(EXERCISE MATERIALS):
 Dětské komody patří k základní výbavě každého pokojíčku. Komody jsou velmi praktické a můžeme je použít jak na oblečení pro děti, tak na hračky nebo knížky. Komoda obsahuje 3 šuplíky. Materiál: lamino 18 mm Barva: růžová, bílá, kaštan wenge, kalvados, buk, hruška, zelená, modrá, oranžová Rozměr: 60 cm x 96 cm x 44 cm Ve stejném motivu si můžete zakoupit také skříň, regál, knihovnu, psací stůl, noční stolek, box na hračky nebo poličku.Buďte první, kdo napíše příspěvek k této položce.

--

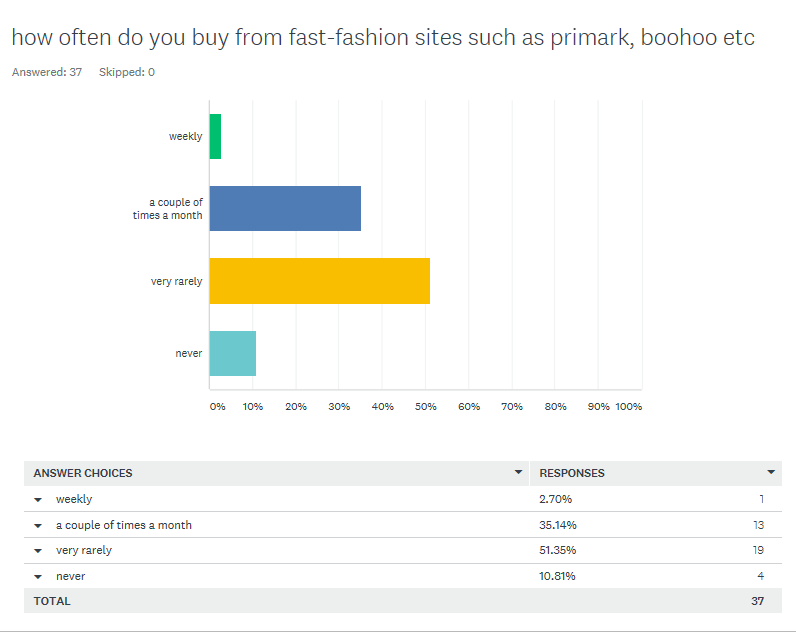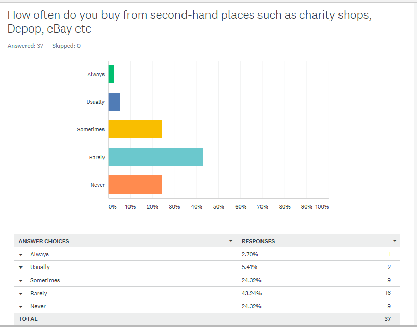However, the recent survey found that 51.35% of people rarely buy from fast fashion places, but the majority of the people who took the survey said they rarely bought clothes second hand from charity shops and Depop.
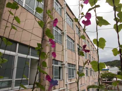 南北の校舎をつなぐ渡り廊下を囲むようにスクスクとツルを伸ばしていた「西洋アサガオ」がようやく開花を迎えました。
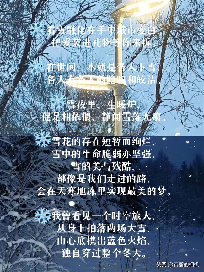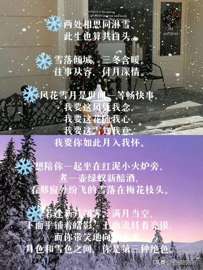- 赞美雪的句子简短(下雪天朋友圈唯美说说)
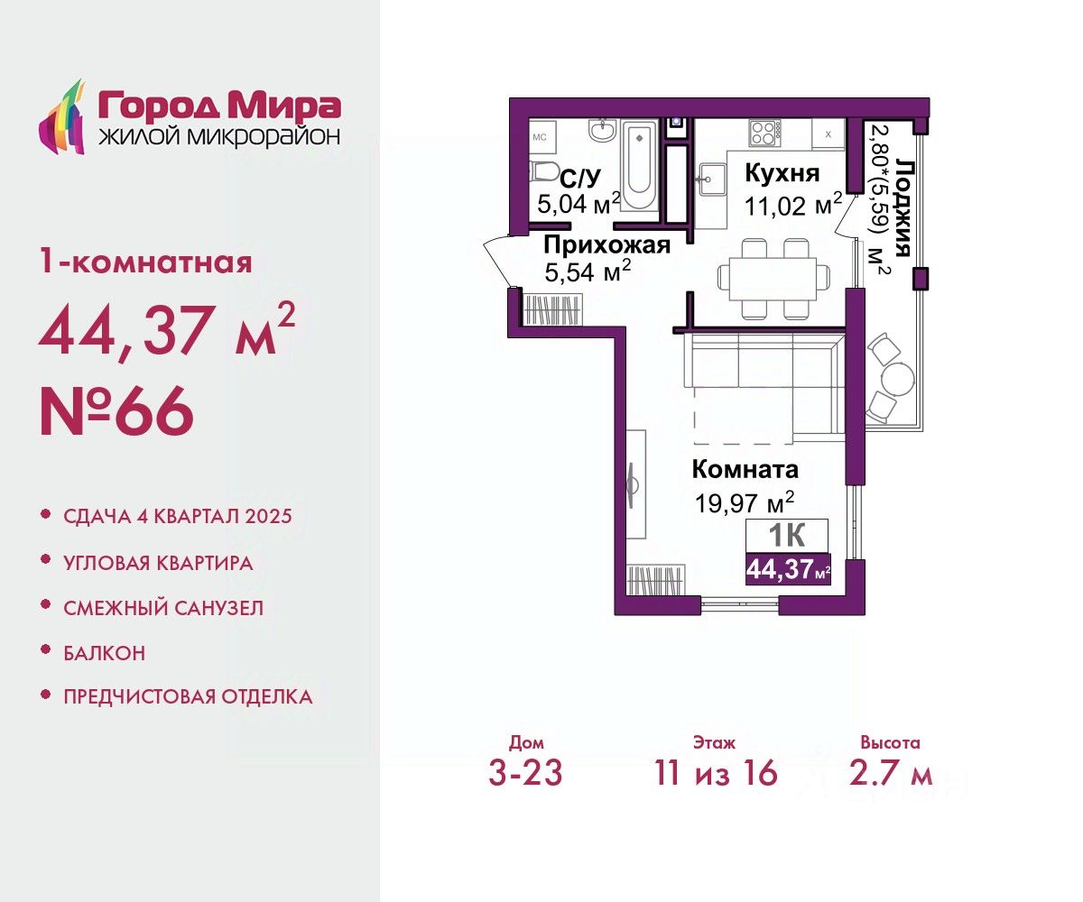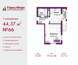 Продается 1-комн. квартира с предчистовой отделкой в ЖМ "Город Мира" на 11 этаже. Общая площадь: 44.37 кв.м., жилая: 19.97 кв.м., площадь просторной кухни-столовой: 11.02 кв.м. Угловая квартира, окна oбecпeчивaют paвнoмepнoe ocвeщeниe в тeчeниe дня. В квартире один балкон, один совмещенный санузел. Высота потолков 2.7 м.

(INSTRUCTIONS FOR THE TASK):
Output exactly the lines of the listing above that start with the one holding "南北の校舎をつなぐ渡り廊下を" and go on through the one holding "Продается 1-комн. квартира"; leave the pictures out.

(OUTPUT FOR THIS TASK):
 南北の校舎をつなぐ渡り廊下を囲むようにスクスクとツルを伸ばしていた「西洋アサガオ」がようやく開花を迎えました。
- 赞美雪的句子简短(下雪天朋友圈唯美说说)
 Продается 1-комн. квартира с предчистовой отделкой в ЖМ "Город Мира" на 11 этаже. Общая площадь: 44.37 кв.м., жилая: 19.97 кв.м., площадь просторной кухни-столовой: 11.02 кв.м. Угловая квартира, окна oбecпeчивaют paвнoмepнoe ocвeщeниe в тeчeниe дня. В квартире один балкон, один совмещенный санузел. Высота потолков 2.7 м.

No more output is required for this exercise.